Task goal → Repeat every entry exactly as it stands. Omit the images.

========

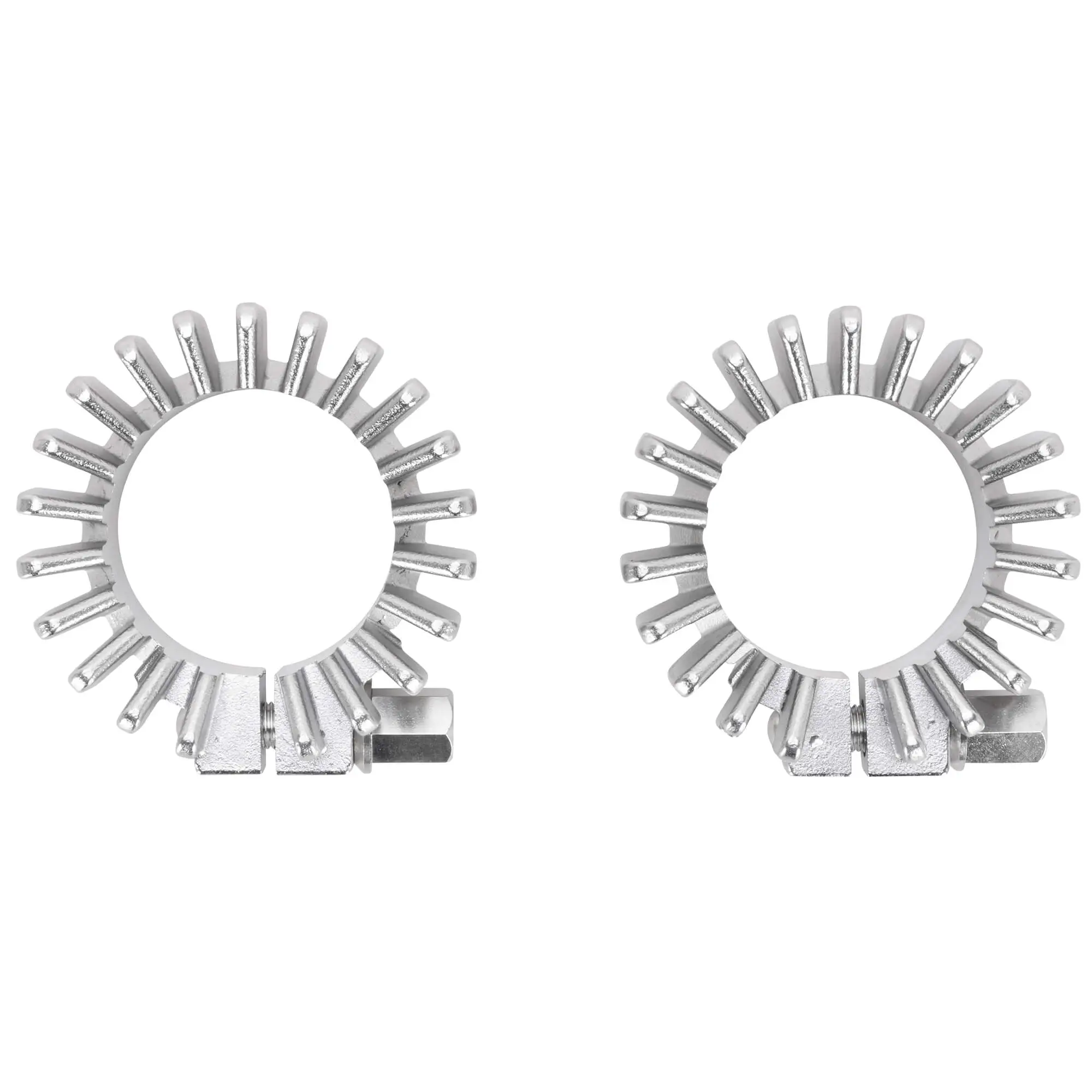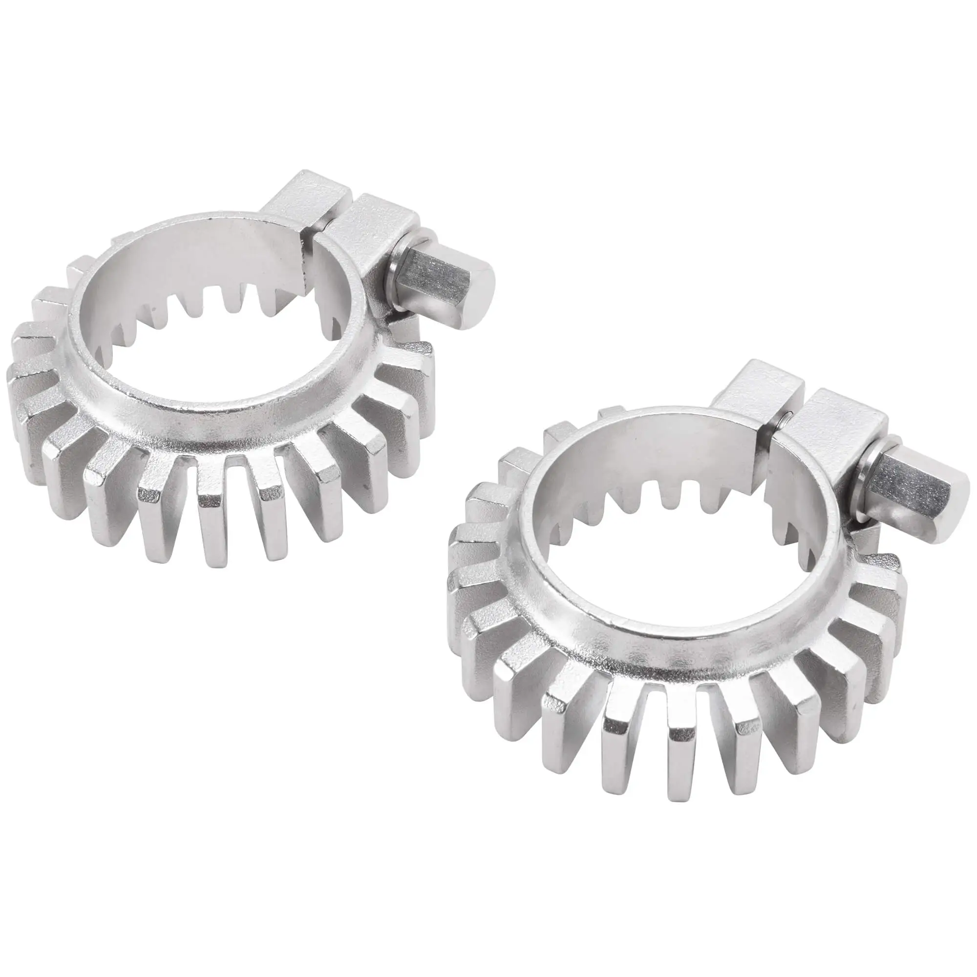 This pair of Triumph exhaust clamps fit Triumph motorcycles with 1-3/4 inch exhaust spigots such as all 650 c.c. pre-unit and unit construction bikes from 1950-1971. These finned exhaust pipe clamps are stainless steel, and include the pinch bolt and washer, ready to install. This is the earlier style with 23 fins, later Triumph exhaust clamps look and fit exactly the same though they only have 17 fins. Sold per pair. Replacement for Triumph OEM # 70-4501
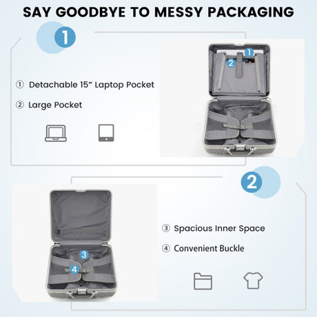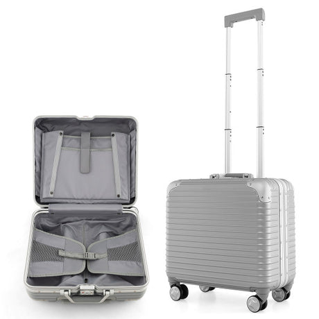 16 Inch Under-seat Carry On Luggage with Spinner Wheels and Laptop Compartment-Sliver
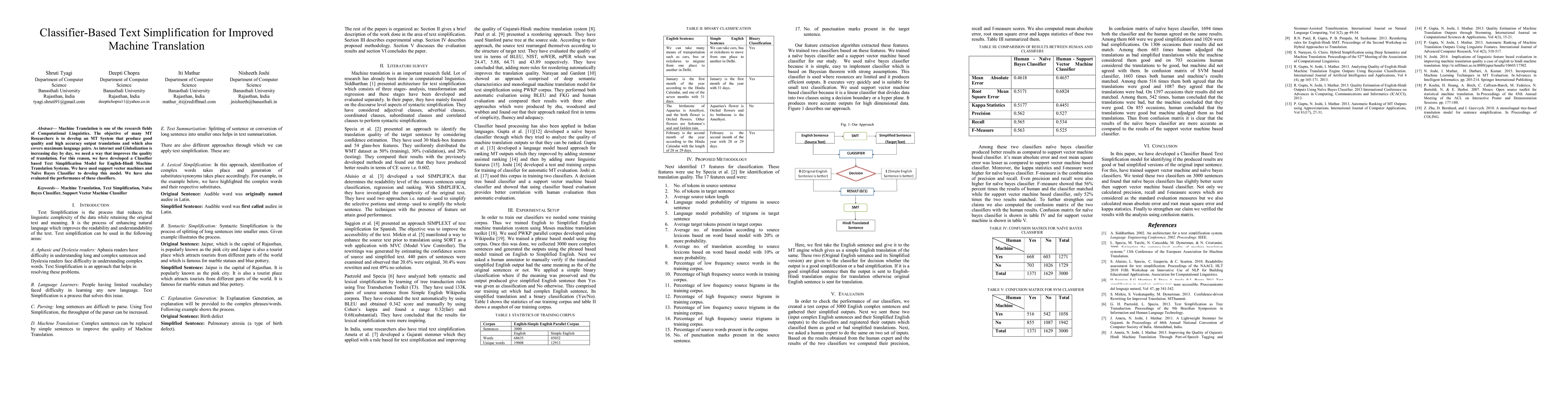 Machine Translation is one of the research fields of Computational Linguistics. The objective of many MT Researchers is to develop an MT System that produce good quality and high accuracy output translations and which also covers maximum language pairs. As internet and Globalization is increasing day by day, we need a way that improves the quality of translation. For this reason, we have developed a Classifier based Text Simplification Model for English-Hindi Machine Translation Systems. We have used support vector machines and Na\"ive Bayes Classifier to develop this model. We have also evaluated the performance of these classifiers.
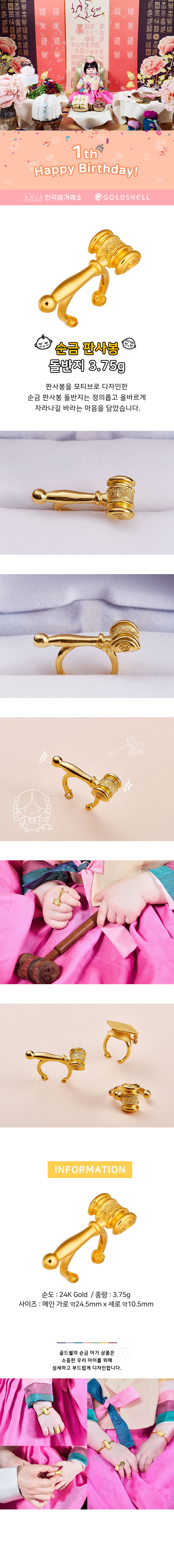 순금 판사봉 돌반지 3.75g
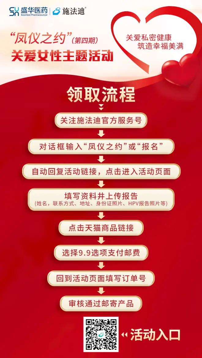 可在施法迪官方服务号、天猫施法迪官方旗舰店、快手施法迪官方号报名参与活动,后提交相应资料进行审核,(姓名、身份证号码、HPV报告三者需关联,如姓名要与身份证姓名、HPV报告姓名一致,HPV报告时间为半年内的检查报告,且HPV报告结果为阳性)。审核通过后支付9.9运费即可获得24支施法迪抗菌凝胶(消杀型)
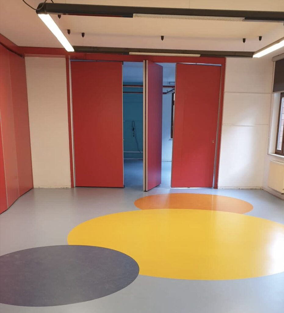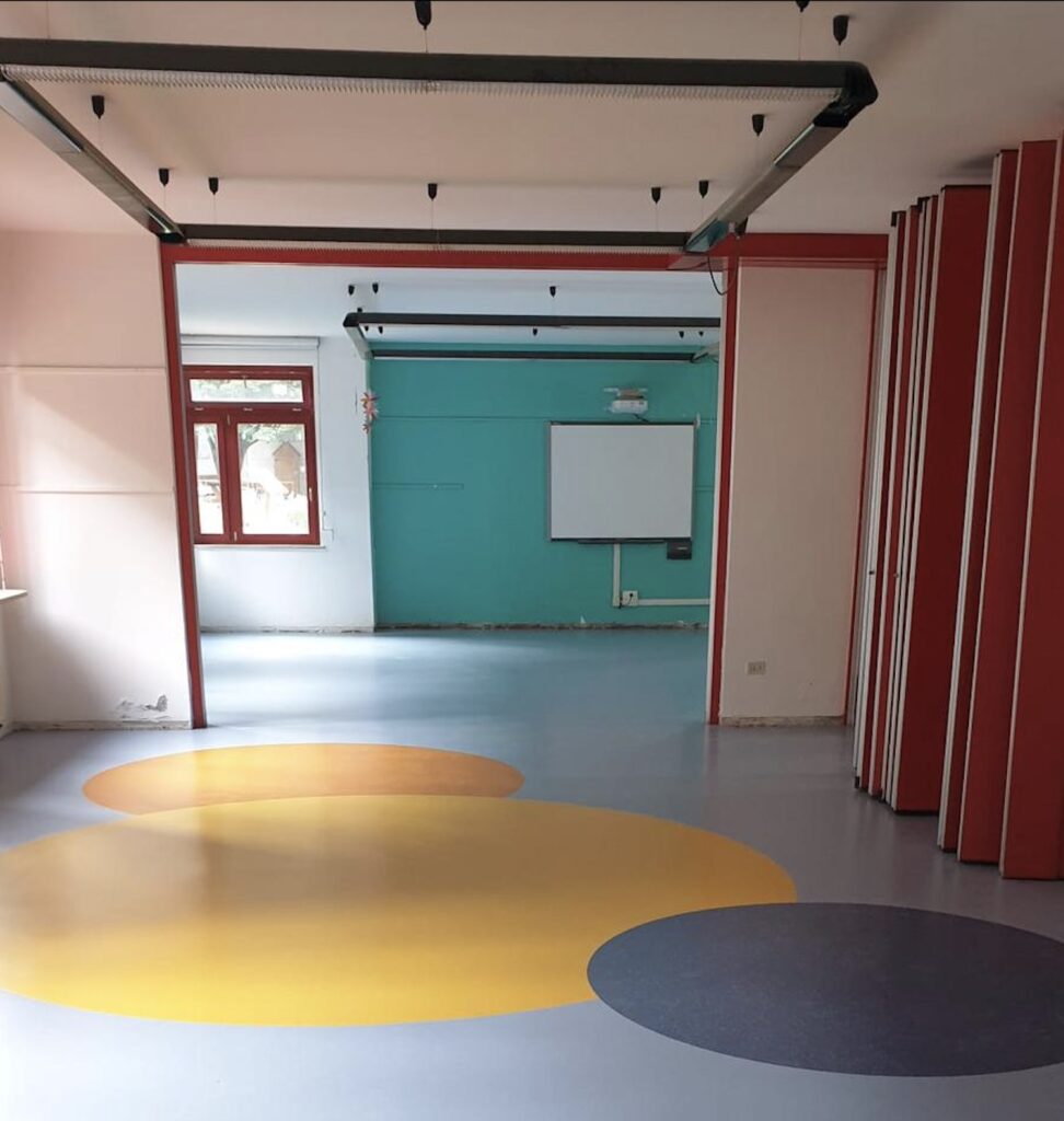 Nel pavimento delle interaule sono stati inseriti dei cerchi colorati per le attività in gruppo.
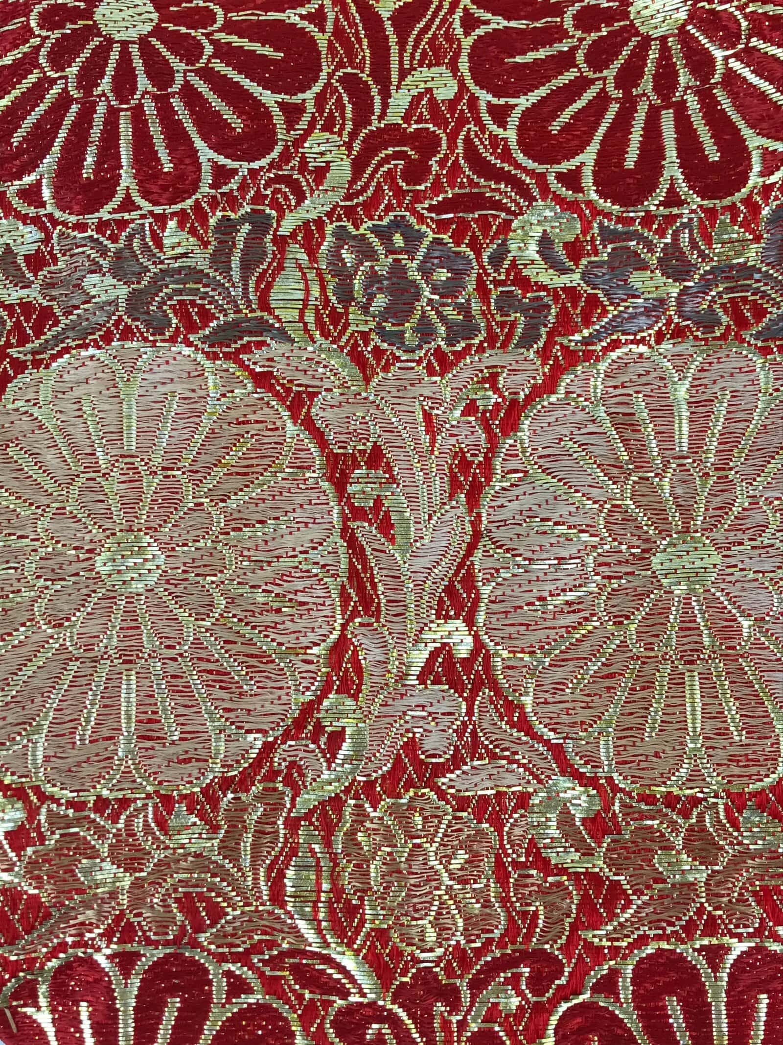 This is a vintage Japanese Buddhist altar tablecloth, or uchishiki. Made of silk, the top band and backside have a white floral design. The main part has rich red background with striking gold embroidered chrysanthemums (kiku). The chrysanthemum is one of many important symbols in Japanese culture.
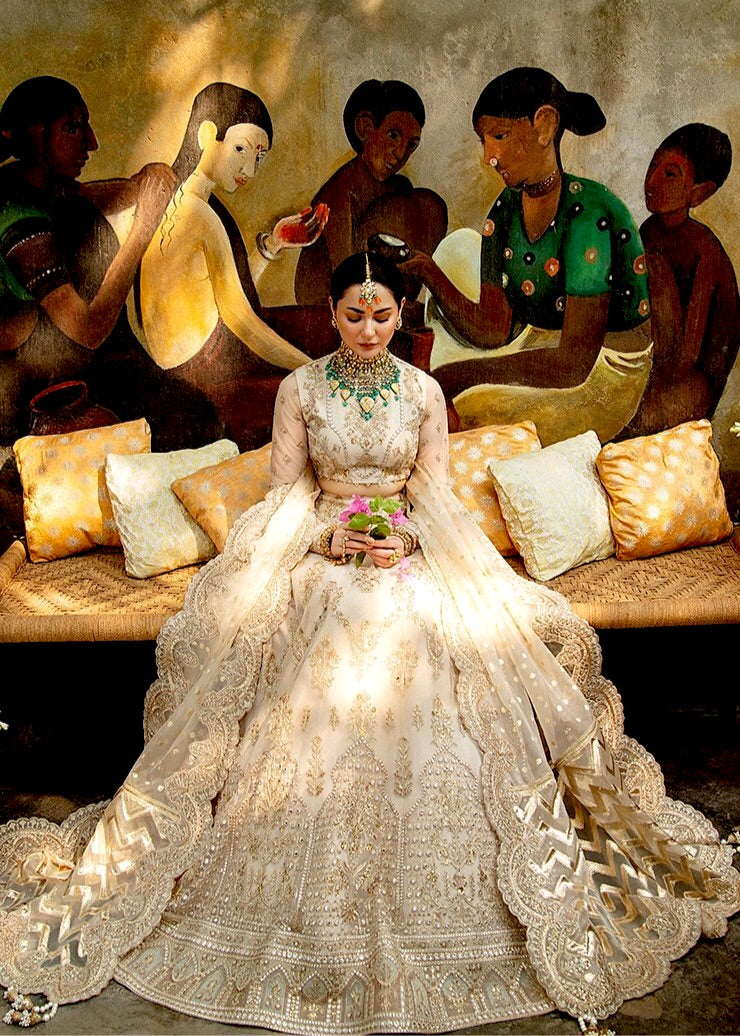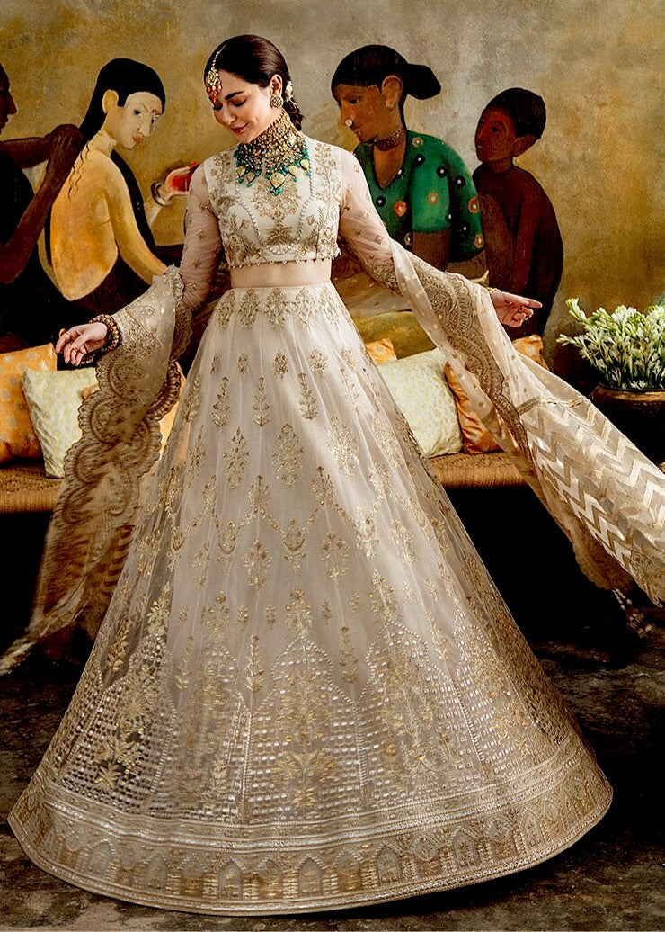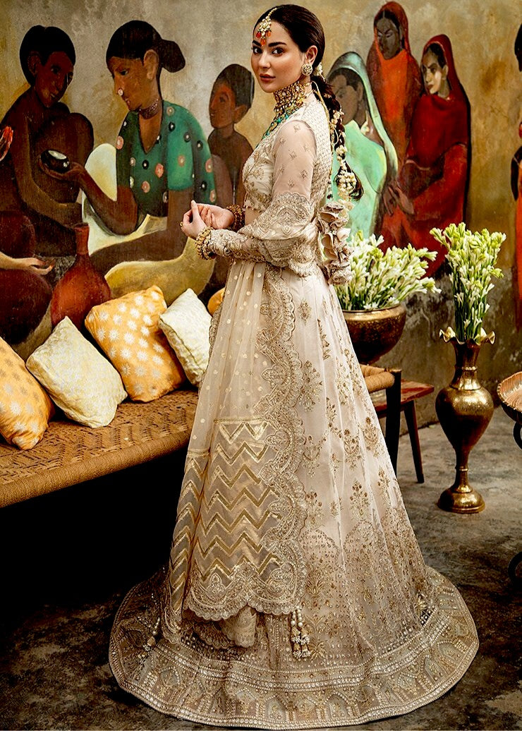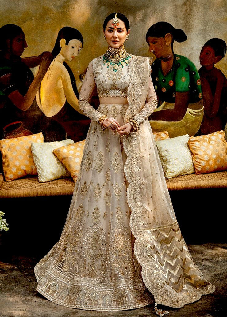 Sharar is a true treasure, reminiscent of a perfect, unmarred pearl, yet somehow made even more radiant through the golden embroidery. Hania Amir recommends it as A must-have from the Shehnai Collection.

========

Output below →
 This pair of Triumph exhaust clamps fit Triumph motorcycles with 1-3/4 inch exhaust spigots such as all 650 c.c. pre-unit and unit construction bikes from 1950-1971. These finned exhaust pipe clamps are stainless steel, and include the pinch bolt and washer, ready to install. This is the earlier style with 23 fins, later Triumph exhaust clamps look and fit exactly the same though they only have 17 fins. Sold per pair. Replacement for Triumph OEM # 70-4501
 16 Inch Under-seat Carry On Luggage with Spinner Wheels and Laptop Compartment-Sliver
 Machine Translation is one of the research fields of Computational Linguistics. The objective of many MT Researchers is to develop an MT System that produce good quality and high accuracy output translations and which also covers maximum language pairs. As internet and Globalization is increasing day by day, we need a way that improves the quality of translation. For this reason, we have developed a Classifier based Text Simplification Model for English-Hindi Machine Translation Systems. We have used support vector machines and Na\"ive Bayes Classifier to develop this model. We have also evaluated the performance of these classifiers.
 순금 판사봉 돌반지 3.75g
 可在施法迪官方服务号、天猫施法迪官方旗舰店、快手施法迪官方号报名参与活动,后提交相应资料进行审核,(姓名、身份证号码、HPV报告三者需关联,如姓名要与身份证姓名、HPV报告姓名一致,HPV报告时间为半年内的检查报告,且HPV报告结果为阳性)。审核通过后支付9.9运费即可获得24支施法迪抗菌凝胶(消杀型)
 Nel pavimento delle interaule sono stati inseriti dei cerchi colorati per le attività in gruppo.
 This is a vintage Japanese Buddhist altar tablecloth, or uchishiki. Made of silk, the top band and backside have a white floral design. The main part has rich red background with striking gold embroidered chrysanthemums (kiku). The chrysanthemum is one of many important symbols in Japanese culture.
 Sharar is a true treasure, reminiscent of a perfect, unmarred pearl, yet somehow made even more radiant through the golden embroidery. Hania Amir recommends it as A must-have from the Shehnai Collection.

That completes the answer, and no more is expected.